Riciclare in cucina: idee e consigli

Riciclare in cucina: idee e consigli per piatti gustosi e sempre nuovi.

 

Avanzi di riso, pasta, pane, carne, bucce di piselli, patate o carote sono solo alcuni degli scarti che si accumulano maggiormente nelle nostre cucine. Secondo le statistiche ogni famiglia butta via circa 450€ di cibo all’anno, ma forse non tutti sanno che basta veramente poco per dar vita a piatti gustosi partendo da avanzi o scarti di altri alimenti.

La tradizione regionale, ad esempio, ha dato vita a piatti nati come idea riciclo che sono diventati dei piatti simbolo della tradizione culinaria della regione di riferimento. È questo il caso della ribollita, della pappa al pomodoro, delle polpette o polpettone di lesso avanzato, senza dimenticare il timballo e la frittata di pasta.

Buona parte degli avanzi della cucina casalinga può essere riciclata in modo gustoso. Con il purè avanzato, ad esempio, potete preparare dei gustosi hamburger o delle crocchette. Avete pulito la zucca? Tenete da parte i semi poi puliteli e fateli asciugare. Successivamente trasferite i semi su di una teglia foderata con carta da forno, spennellate con burro fuso, salate e infornate in forno già caldo a 150° per una quarantina minuti. In questo modo i semi di zucca diventano un perfetto snack, sano e naturale.

Oltre alle idee riciclo però sono da ricordare anche alcune pratiche regole di conservazione. Se avete acquistato verdure come bietole, spinaci, cavolo nero, carote, cavoletti di bruxelles, broccoli o piselli e fagioli potete sbollentarli per quale minuto, scolarli e dopo averli fatti raffreddare completamente riporli in freezer in modo da averli pronti all’occorrenza.

Dalla conservazione agli scarti il passo è molto breve e ci sono moltissimi modi per riciclare in cucina anche gli scarti.
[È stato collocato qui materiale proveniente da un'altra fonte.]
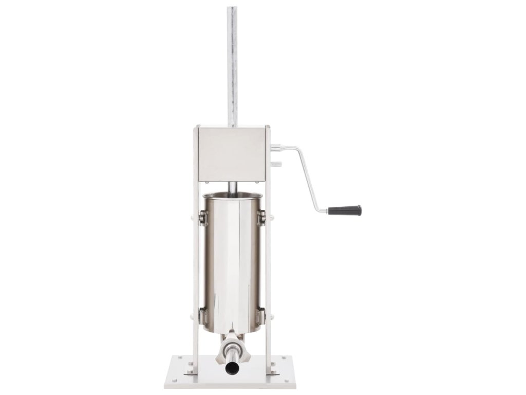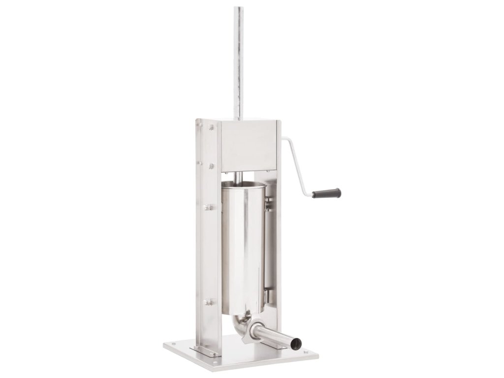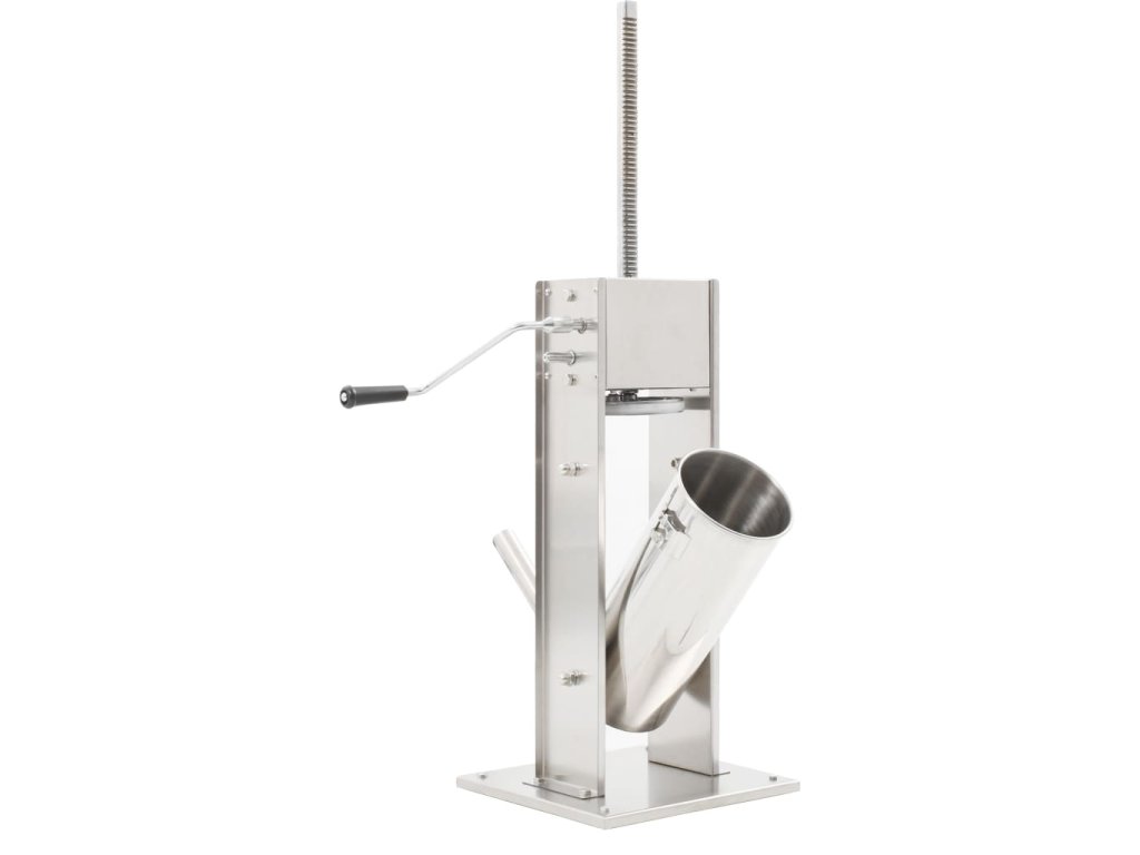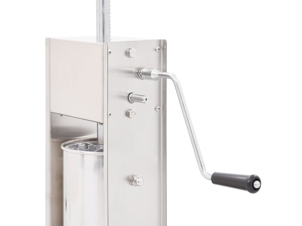 Tato nerezová plnička klobás je vybavená 5litrovým zásobníkem, který lze vyklopit či vyjmout pro pohodlnější plnění masem nebo čištění. Ruční klika pohybuje pístem, který protlačí maso skrz plnicí nástavec. Součástí balení jsou také 3 plnicí nástavce v různých velikostech pro uspokojení vašich nejrůznějších potřeb.

Un’ottima idea riciclo per gli amanti della frutta e delle conserve fatte in casa è la marmellata preparata con gli scarti di frutta. In questo caso basta centrifugare non solo la polpa, ma anche la buccia e i torsoli della frutta (senza i semi) in modo da ricavare più polpa possibile. Ottenuta la polpa non vi resterà che procedere come per la preparazione di una classica confettura.